> _INPUT DATA_:
◇ ◇ ◇
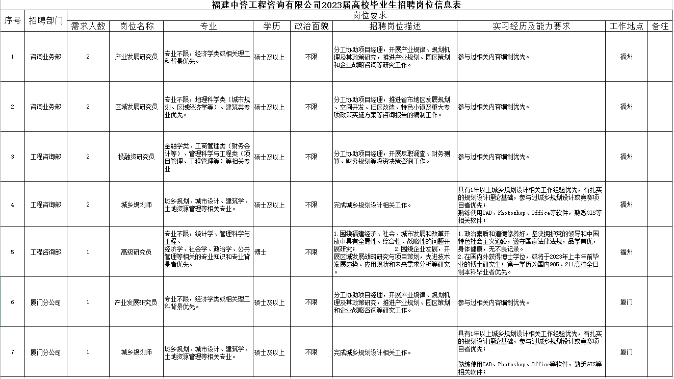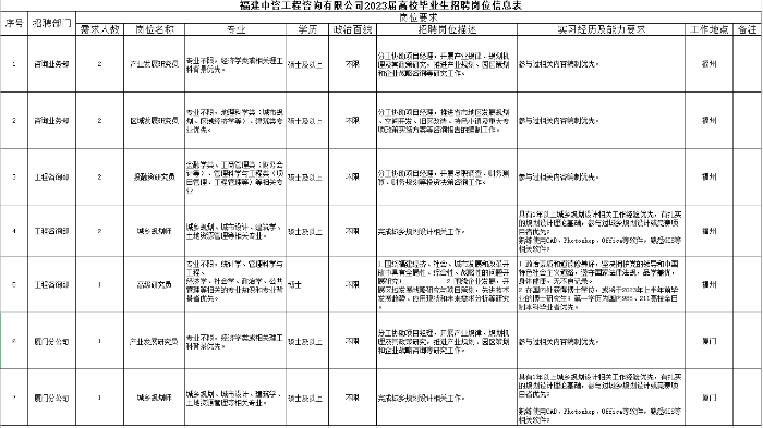 福建中咨公司2023屆高校畢業(yè)生招聘崗位信息表.pdf
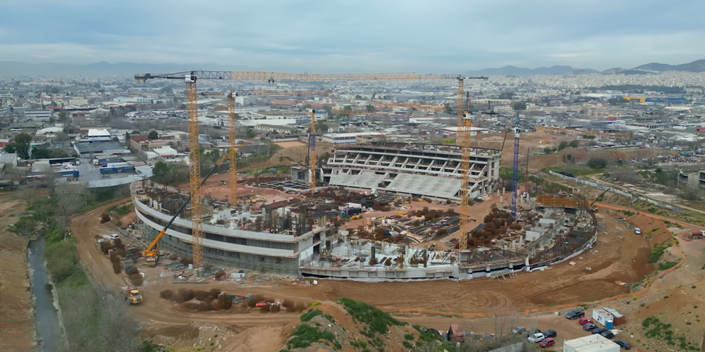 Στο σημείο όπου υψώνεται το νέο γήπεδο του Παναθηναϊκού, οι εργασίες προχωρούν με εντυπωσιακό ρυθμό. Η θεμελίωση και οι πρώτες κατασκευαστικές φάσεις έχουν ήδη πάρει μορφή, με τα συνεργεία να εργάζονται αδιάκοπα ώστε να τηρηθεί το χρονοδιάγραμμα. Η εικόνα των εργατών πάνω στον οπλισμένο σκελετό δείχνει πως το project έχει πλέον περάσει σε φάση ουσιαστικής ανάπτυξης.
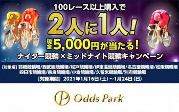 2人に1人現金5000円が当たる!オッズパーク「ナイター競輪×ミッドナイト競輪キャンペーン」実施中
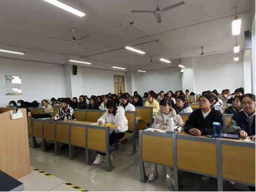 王老师介绍了专四考试机制,分析了历年考试情况,分题型讲解了听写、听力理解、语言知识、完形填空、阅读理解、写作六部分的失分因素以及应试策略。讲座结束后,考生们就备考过程中遇到的问题、存在的困惑、备考的心得技巧等问题进行了交流提问。王老师一一进行了解答。本次讲座加强了同学们对于专四题型的认识,增进了师生之间的交流,帮助考生梳理了备考方向。
◇ ◇ ◇
> _AIM OF THE EXERCISE_: Please transcribe the listing exactly as it stands, but omit its pictures.

> _ANSWER TO THE EXERCISE_:
 福建中咨公司2023屆高校畢業(yè)生招聘崗位信息表.pdf
 Στο σημείο όπου υψώνεται το νέο γήπεδο του Παναθηναϊκού, οι εργασίες προχωρούν με εντυπωσιακό ρυθμό. Η θεμελίωση και οι πρώτες κατασκευαστικές φάσεις έχουν ήδη πάρει μορφή, με τα συνεργεία να εργάζονται αδιάκοπα ώστε να τηρηθεί το χρονοδιάγραμμα. Η εικόνα των εργατών πάνω στον οπλισμένο σκελετό δείχνει πως το project έχει πλέον περάσει σε φάση ουσιαστικής ανάπτυξης.
 2人に1人現金5000円が当たる!オッズパーク「ナイター競輪×ミッドナイト競輪キャンペーン」実施中
 王老师介绍了专四考试机制,分析了历年考试情况,分题型讲解了听写、听力理解、语言知识、完形填空、阅读理解、写作六部分的失分因素以及应试策略。讲座结束后,考生们就备考过程中遇到的问题、存在的困惑、备考的心得技巧等问题进行了交流提问。王老师一一进行了解答。本次讲座加强了同学们对于专四题型的认识,增进了师生之间的交流,帮助考生梳理了备考方向。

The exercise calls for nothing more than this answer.